Marx thought he had a theory of economics and politics - casting sidelights on history, society and psychology.

It's an impressively wide ranging theory - indeed, if only half of it turns out to be true, it would still be one of the great theories humanity has ever produced.

But that kind of reach wasn't enough for Engels - he thought he had a theory of everything. Atoms, societies, galaxies, emotions, reason and everything in between.

Lenin followed Engels instead of Marx. Trotsky and Mao followed Lenin. Luxembourg followed Trotsky, and now whenever we read Marx, we read him through the lens of Engels.

Seeing as Engels was wrong - both about the need for a totalising theory and about the theory itself - this is a problem.

So the questions are:

* Is this problem fatal to the marxist project of political change if it's unresolved? And,

* If there's a solution - a way to get marxism back on track - what is it?

I haven't found answers to these questions yet - these little essays are partly an ongoing attempt to find them - but here's an oblique stab at them.

Believing in a false (or meaningless) theory - if you act on it - is obviously not a recipe for success. If, like any major church, you kind of believe in it, and justify your actions in terms of it, but don't actually act on it, then adherence becomes an empty ritual.

A lot of people like their rituals empty, but are there any positive effects of the influence of engelsism (to coin a term) on marxism?

I'd say there is at least one positive effect, namely that marxism as a theory of everything is much more attractive to potential recruits than marxism as a theory of economics and politics - or even as a theory of world revolution.

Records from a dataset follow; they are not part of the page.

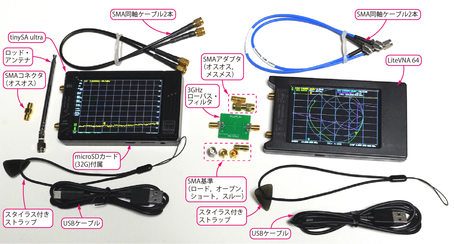 2. 上記1に付属の50ΩSMA同軸ケーブル,USB Type-Cケーブル,SMAショート・コネクタ,SMAコネクタ付きアンテナほか
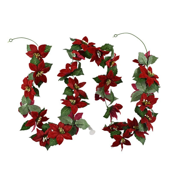 Add a touch of luxury to your holiday decor with this Velvet Poinsettia Garland with Leaves. Made with soft velvet flowers, this garland features beautiful poinsettia flowers and leaves, perfect for adding a festive and elegant look to your home. Deck the halls (and your walls) with this stunning garland.
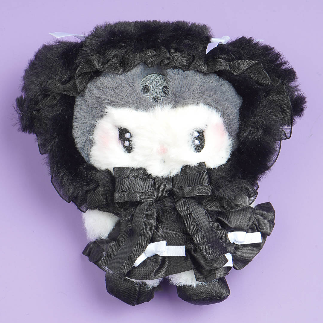 Enjoy playing dress-up with this super kawaii Kuromi plushie! This medium-sized cutie is in grayscale color and is wearing an all-black Lolita outfit. You can also use it as a charm to add a dose of cuteness to your plain tote bag!
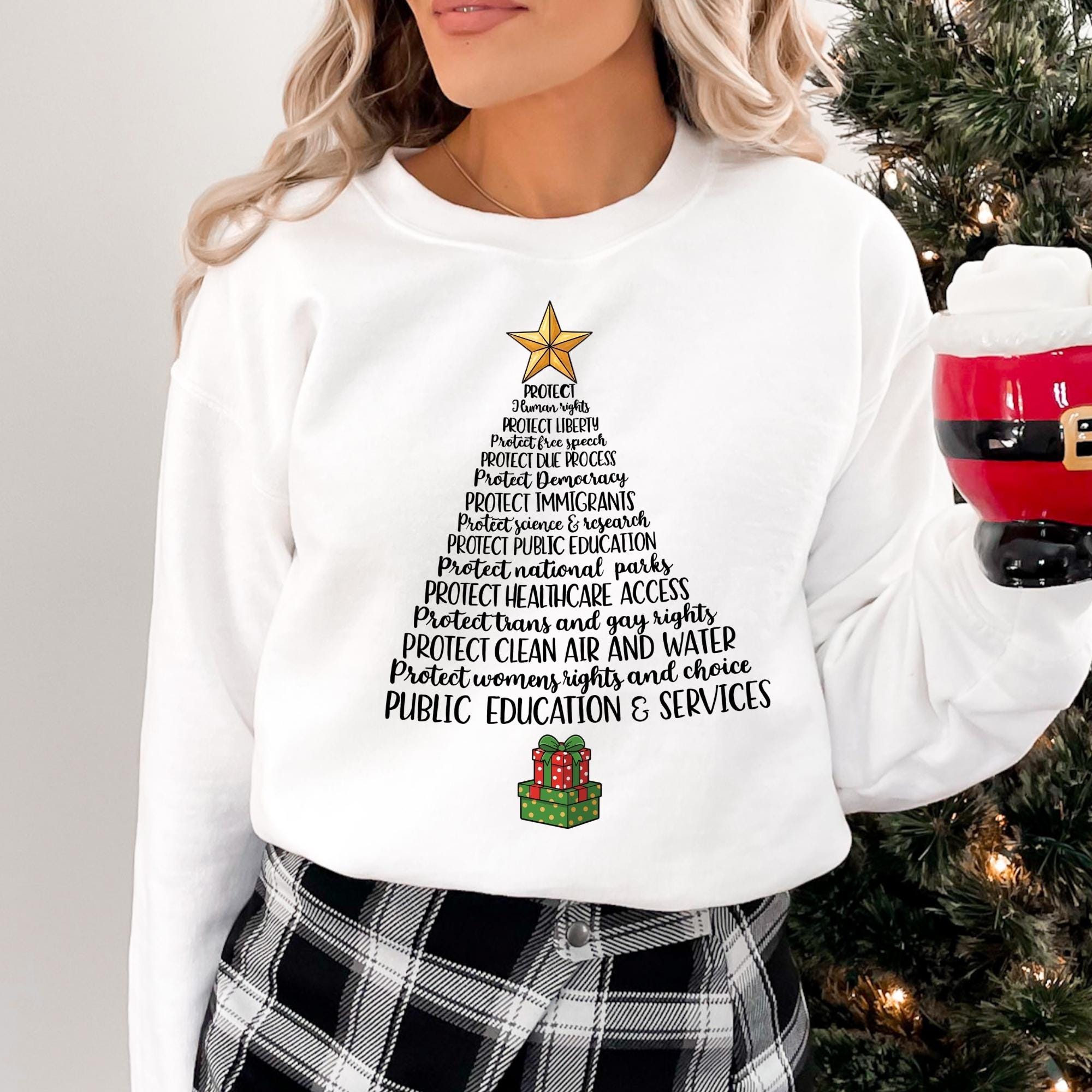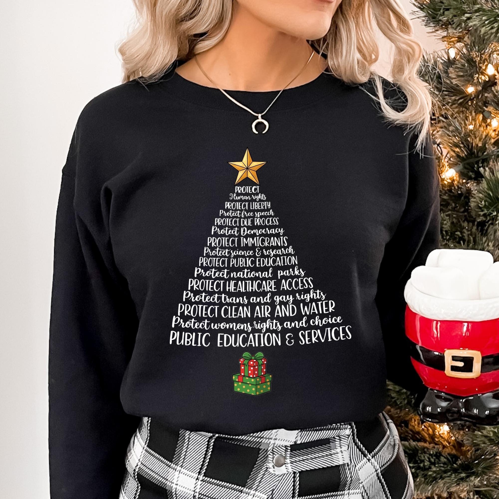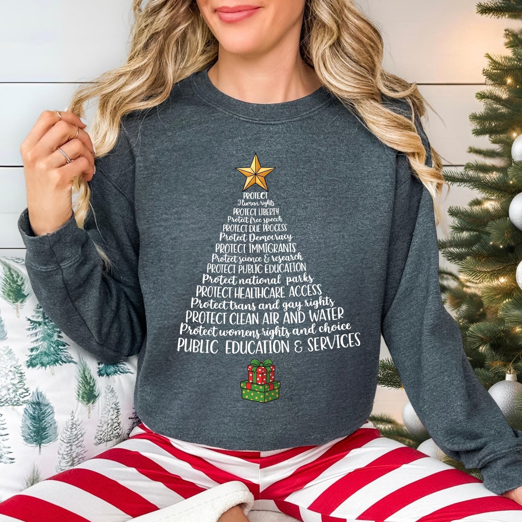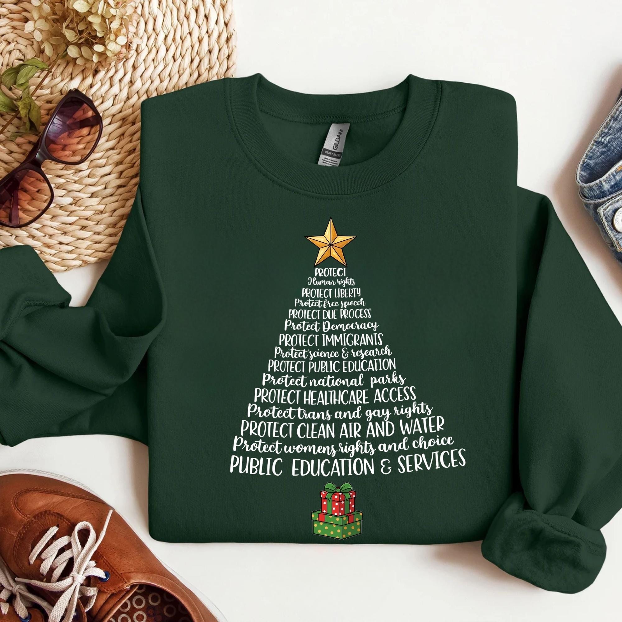Protect Democracy Christmas Tree Shirt, Anti-Trump Liberal Values Tee, Social Justice Holiday Sweatshirt, Pro-Democracy Christmas Top

The percentage of revolutionaries who want to make a revolution, as opposed to struggle for one, must be quite small.

But there's a flipside to this. Many are attracted to marxism because it provides a social support network for them - and depending on the stripe, this may extend to it being a closed cult, which of course is exactly what many disaffected people want.

Others are attracted to the liberal progressive campaigning that some groups do - as a way to hold the party together until a revolutionary situation presents itself.

Some like bloodcurdling rhetoric of violent overthrow, or the opportunity to walk in the road with a banner shouting abuse at the police.

These desires are obviously not mutually exclusive or fully conscious, but another one would be the desire to have a totalising theory of absolutely everything. They're attracted, not really to the theory itself, but to the fact that there is one.

Most marxists don't understand dialectics, and aren't sufficiently troubled by their lack of understanding to read the standard works about it - which is of course one reason why they don't realise how vacuous it is.

Indeed, most marxists haven't read Marx, or any of his followers. Some books are for reading, some are for quoting, and some are for owning. But it doesn't seem to impair (or improve) their effectiveness as marxists, so long as the cell, branch or party has a resident intellectual or two to set the line for others to follow.

So, the mysticism of Engels may - or may not - be a factor in the failure of marxism as a political project. But it's also probably a reason why there are so many marxists.